▶ **The problem**
In your copy of the data, omit the pictures and keep all else exactly as given.

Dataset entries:
━━━━━━━━━━━━━━━━━━━━━━━━━━━━━━
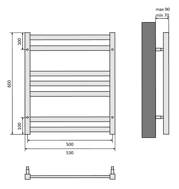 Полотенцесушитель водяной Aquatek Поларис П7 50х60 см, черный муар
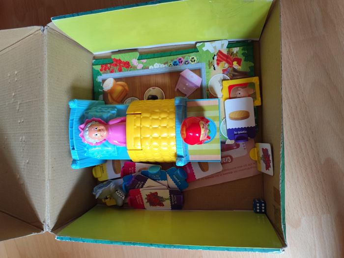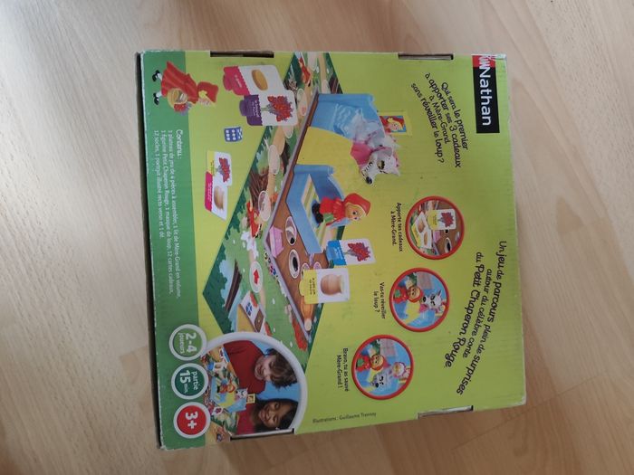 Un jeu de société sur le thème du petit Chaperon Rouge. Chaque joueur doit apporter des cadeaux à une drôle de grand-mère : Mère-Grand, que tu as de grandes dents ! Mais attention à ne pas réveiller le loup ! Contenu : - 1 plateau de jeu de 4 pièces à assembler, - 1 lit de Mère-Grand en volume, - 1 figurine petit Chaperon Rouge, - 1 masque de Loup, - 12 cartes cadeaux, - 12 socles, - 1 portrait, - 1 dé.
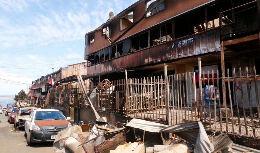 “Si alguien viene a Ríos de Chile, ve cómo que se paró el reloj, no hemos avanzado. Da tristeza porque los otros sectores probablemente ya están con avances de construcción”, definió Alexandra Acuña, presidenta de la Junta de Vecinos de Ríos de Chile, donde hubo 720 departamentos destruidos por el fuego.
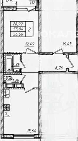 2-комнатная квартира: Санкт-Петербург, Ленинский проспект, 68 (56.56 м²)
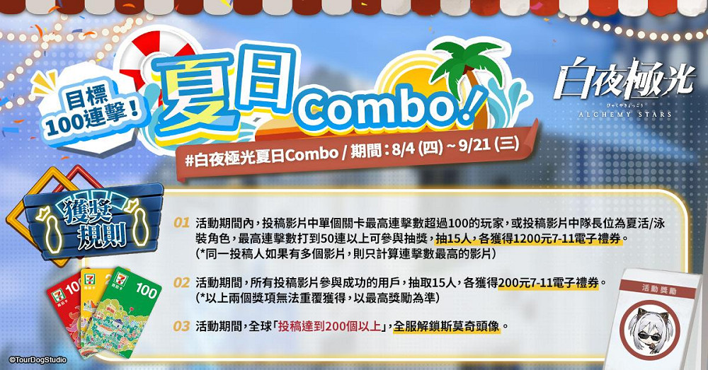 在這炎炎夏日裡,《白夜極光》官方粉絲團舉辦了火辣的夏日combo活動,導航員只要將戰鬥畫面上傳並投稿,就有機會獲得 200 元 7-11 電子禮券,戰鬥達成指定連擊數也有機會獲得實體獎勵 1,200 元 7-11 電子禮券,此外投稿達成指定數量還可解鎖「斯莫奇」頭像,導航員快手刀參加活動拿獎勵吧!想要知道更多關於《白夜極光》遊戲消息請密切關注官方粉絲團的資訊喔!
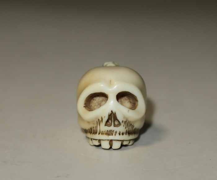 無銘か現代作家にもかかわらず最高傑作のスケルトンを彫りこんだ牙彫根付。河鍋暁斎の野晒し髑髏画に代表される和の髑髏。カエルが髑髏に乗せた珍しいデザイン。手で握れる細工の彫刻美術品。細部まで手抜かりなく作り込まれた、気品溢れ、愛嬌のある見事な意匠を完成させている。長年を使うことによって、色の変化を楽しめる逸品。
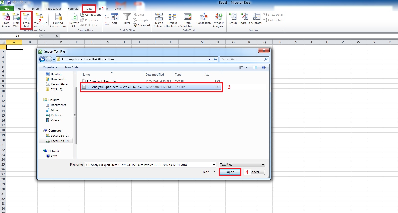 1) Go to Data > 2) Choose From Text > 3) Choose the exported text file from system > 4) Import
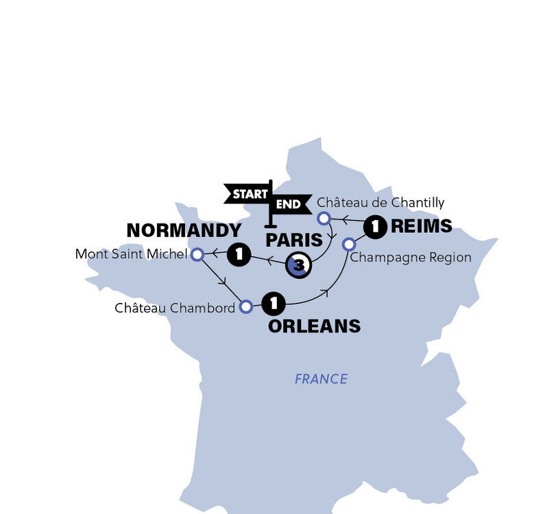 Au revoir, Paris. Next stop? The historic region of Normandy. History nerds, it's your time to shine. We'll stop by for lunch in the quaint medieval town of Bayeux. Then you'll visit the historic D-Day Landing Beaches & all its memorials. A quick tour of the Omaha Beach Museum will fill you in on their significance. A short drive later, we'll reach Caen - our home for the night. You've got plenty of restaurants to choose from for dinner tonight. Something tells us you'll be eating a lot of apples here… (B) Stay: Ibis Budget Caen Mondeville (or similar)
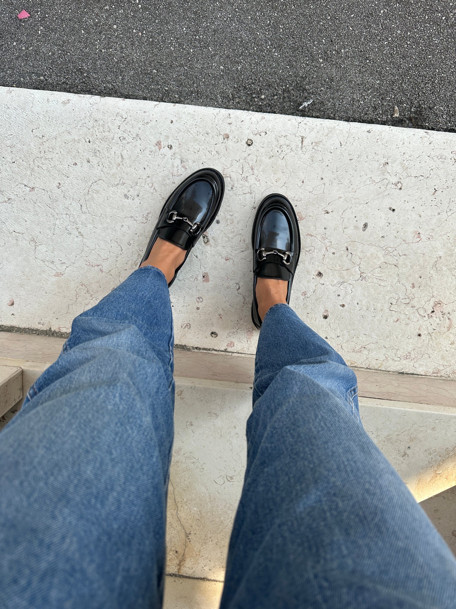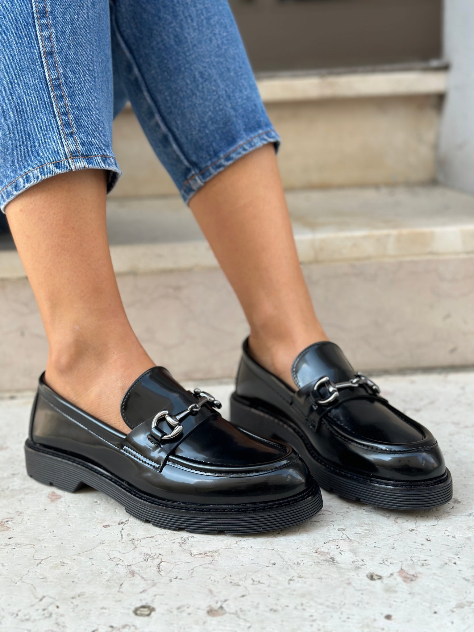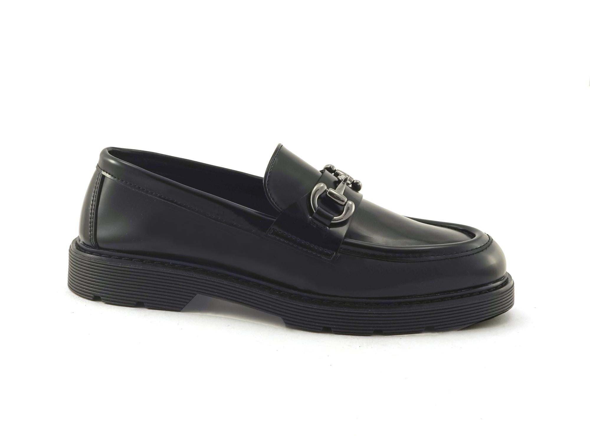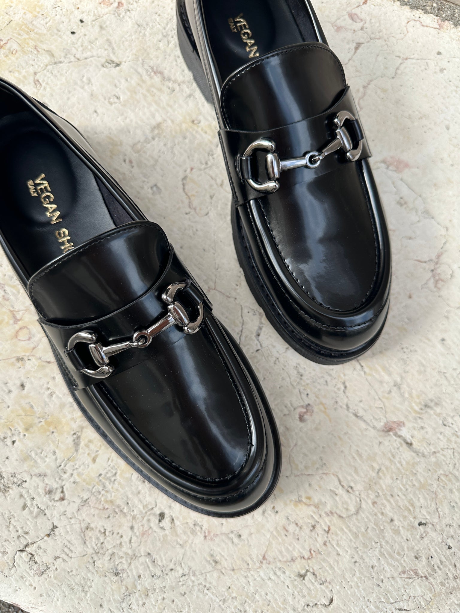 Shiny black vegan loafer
━━━━━━━━━━━━━━━━━━━━━━━━━━━━━━
▶ **Exercise result**
 Полотенцесушитель водяной Aquatek Поларис П7 50х60 см, черный муар
 Un jeu de société sur le thème du petit Chaperon Rouge. Chaque joueur doit apporter des cadeaux à une drôle de grand-mère : Mère-Grand, que tu as de grandes dents ! Mais attention à ne pas réveiller le loup ! Contenu : - 1 plateau de jeu de 4 pièces à assembler, - 1 lit de Mère-Grand en volume, - 1 figurine petit Chaperon Rouge, - 1 masque de Loup, - 12 cartes cadeaux, - 12 socles, - 1 portrait, - 1 dé.
 “Si alguien viene a Ríos de Chile, ve cómo que se paró el reloj, no hemos avanzado. Da tristeza porque los otros sectores probablemente ya están con avances de construcción”, definió Alexandra Acuña, presidenta de la Junta de Vecinos de Ríos de Chile, donde hubo 720 departamentos destruidos por el fuego.
 2-комнатная квартира: Санкт-Петербург, Ленинский проспект, 68 (56.56 м²)
 在這炎炎夏日裡,《白夜極光》官方粉絲團舉辦了火辣的夏日combo活動,導航員只要將戰鬥畫面上傳並投稿,就有機會獲得 200 元 7-11 電子禮券,戰鬥達成指定連擊數也有機會獲得實體獎勵 1,200 元 7-11 電子禮券,此外投稿達成指定數量還可解鎖「斯莫奇」頭像,導航員快手刀參加活動拿獎勵吧!想要知道更多關於《白夜極光》遊戲消息請密切關注官方粉絲團的資訊喔!
 無銘か現代作家にもかかわらず最高傑作のスケルトンを彫りこんだ牙彫根付。河鍋暁斎の野晒し髑髏画に代表される和の髑髏。カエルが髑髏に乗せた珍しいデザイン。手で握れる細工の彫刻美術品。細部まで手抜かりなく作り込まれた、気品溢れ、愛嬌のある見事な意匠を完成させている。長年を使うことによって、色の変化を楽しめる逸品。
 1) Go to Data > 2) Choose From Text > 3) Choose the exported text file from system > 4) Import
 Au revoir, Paris. Next stop? The historic region of Normandy. History nerds, it's your time to shine. We'll stop by for lunch in the quaint medieval town of Bayeux. Then you'll visit the historic D-Day Landing Beaches & all its memorials. A quick tour of the Omaha Beach Museum will fill you in on their significance. A short drive later, we'll reach Caen - our home for the night. You've got plenty of restaurants to choose from for dinner tonight. Something tells us you'll be eating a lot of apples here… (B) Stay: Ibis Budget Caen Mondeville (or similar)
 Shiny black vegan loafer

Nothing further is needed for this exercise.